Success in Middle School Math

Becoming On-Track for High School


Name: Mary Davis
Role: K-12 Professional Learning Facilitator
Years with Dana Center and/or in this field:
6 years with the Dana Center; 30 years in education


Can you give a brief overview of TxNSI?

The Texas Network for School Improvement (TxNSI) consists of three Texas organizations: Educate Texas, Learning Forward, and the Dana Center. Together, we work to dismantle systemic barriers to ensure that all students in North Texas can succeed in college, career, and life.

The network aims to enhance opportunities for a better education in middle school. Our intention is to increase the percentages of 8th-grade students who are Black, Latinx, or who come from low-income backgrounds who are academically on-track for success in high school and beyond.

Though the first barrier that TxNSI is working to address is mastery of middle school math, we know from the research that that social emotional learning is also critical to student success. All students benefit when they have the agency and they know they have the abilities to influence their lives and the world around them. In summer 2020 we led a shared learning session on perseverance in the classroom and the mindsets necessary to keep trying—or engage in productive persistence.

Teachers, campus administrators, and district leaders are learning together by studying the eight teaching practices in the National Council of Teachers of Mathematics landmark 2014 publication Principles to Actions: Ensuring Mathematical Success for All, as well as reflecting on their own mindset, biases, and beliefs about equity.

What issues in education does TxNSI address?

When the TxNSI work began two years ago, it was focused on the mathematics classroom. Though we are still working with math teachers, our scope of work has shifted toward ensuring that our students meet all the on-track indicators put forth by the Texas Education Agency. We believe students can stay on track for graduation through better teaching and learning in the math classroom, as students engaged in an excellent mathematics education are learning how to ask purposeful questions, engage in discourse, harness a growth-oriented mindset, and more. These lessons result in raising their math achievement and are transferable to other disciplines.

What do you see as the biggest challenges to promoting adoption of TxNSI?

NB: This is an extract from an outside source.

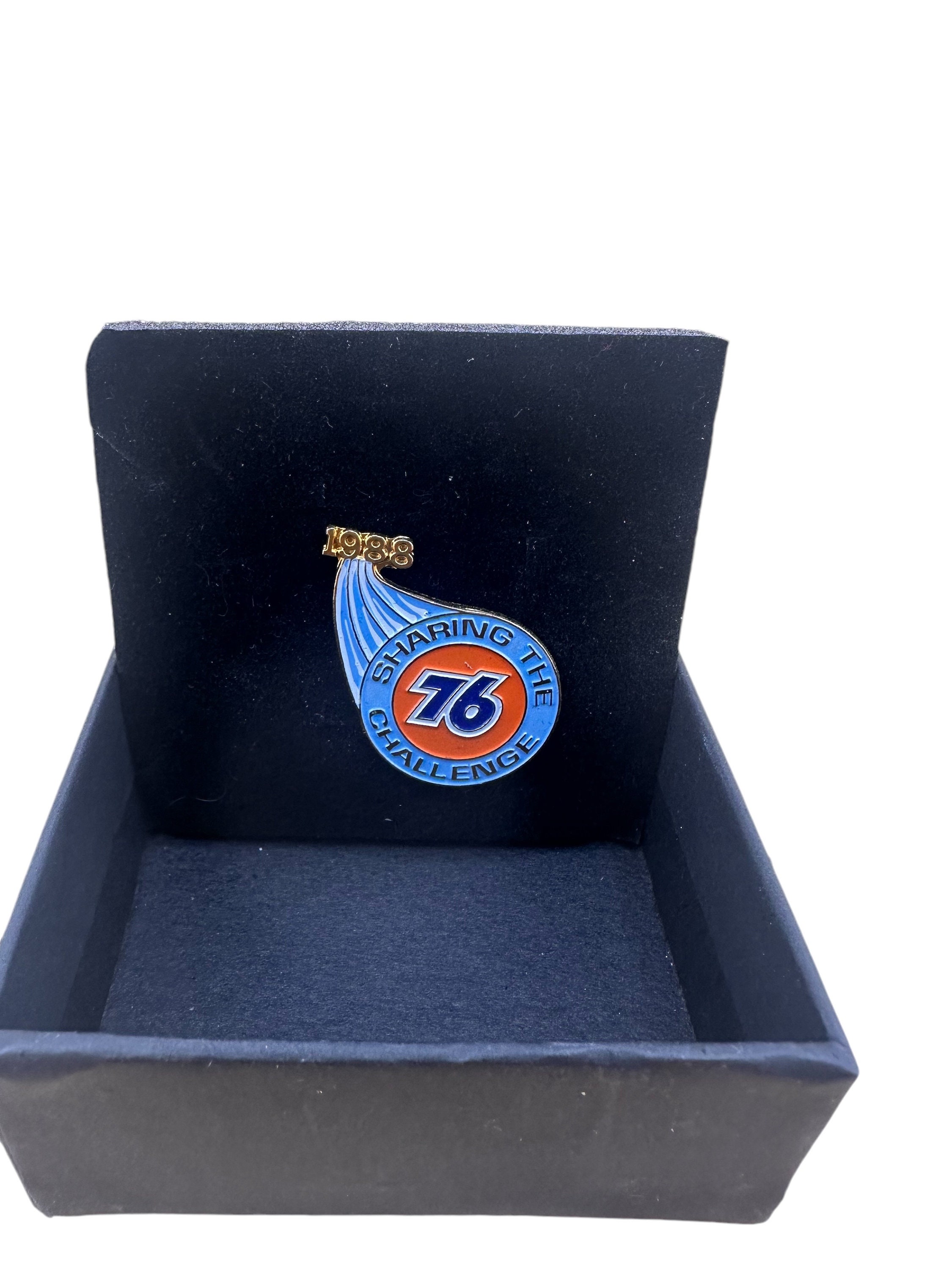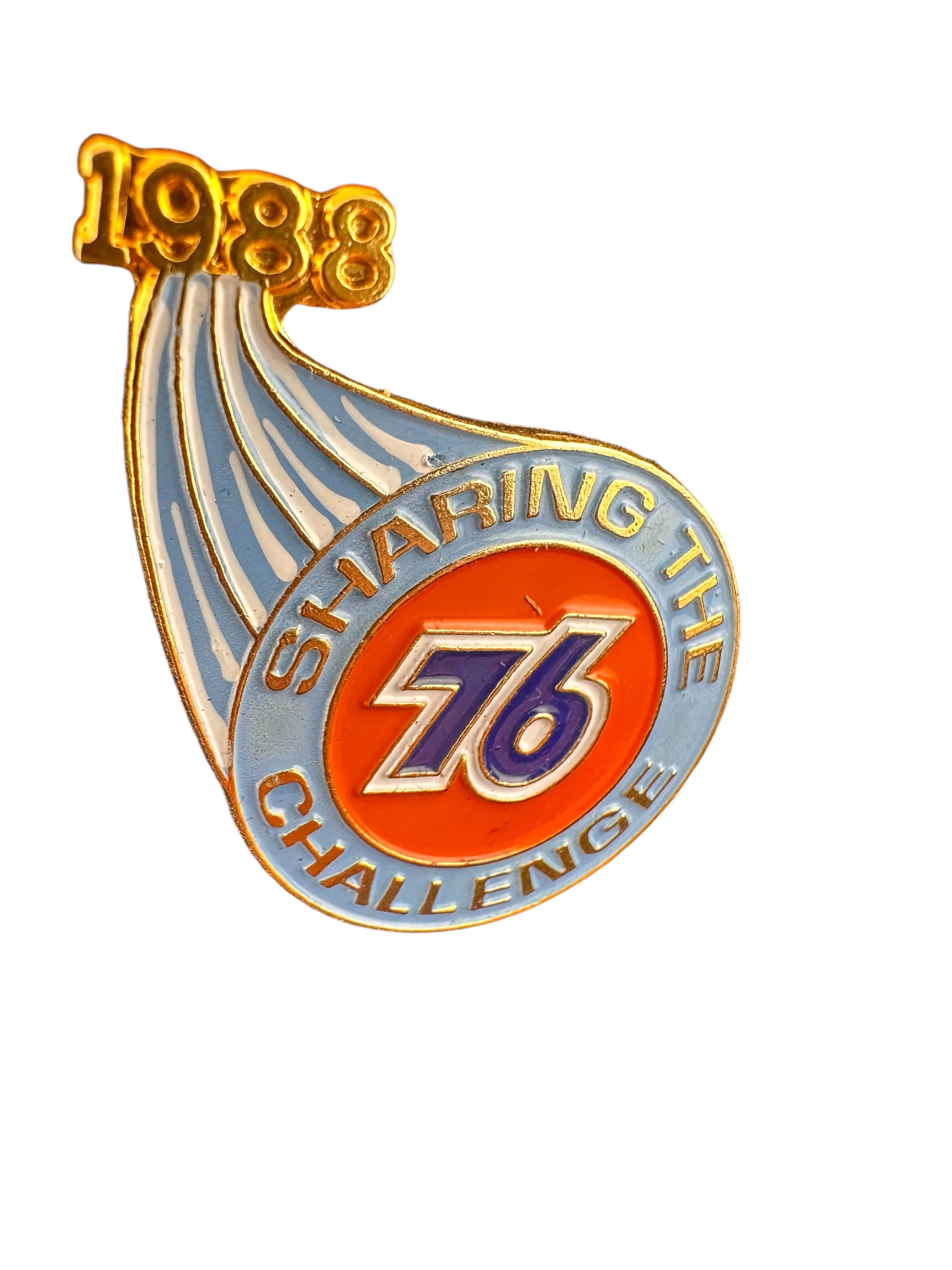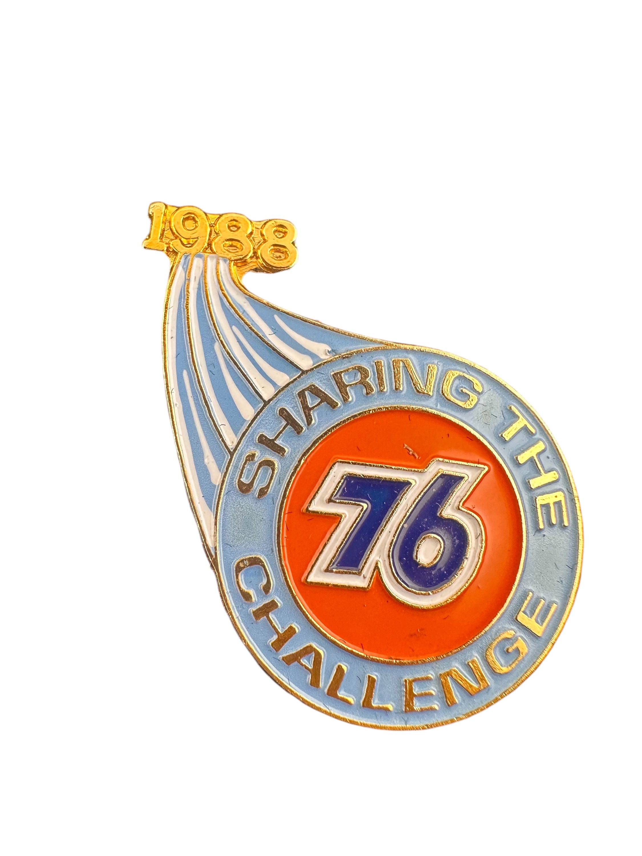 Rare Petroliana Union 76 Oil Company enameled pin from 1988. Sharing the Challenge, 1988. Blue and Orange colorful hat or lapel pin.

I have witnessed firsthand throughout my career that districts want to help their students succeed. However, sometimes that wanting to help leads to programs that are at odds with one another. Through TxNSI, we have learned the importance of asking questions like:

  • What other initiatives are being adopted/used at your schools?
  • How much of your teachers’ time is spent working on them?
  • Why–and how–do you think that our initiative’s aim fits with your district’s aim?

By understanding the many programs in place within each district, we are better able to champion their overall objectives and work with districts for the long-term.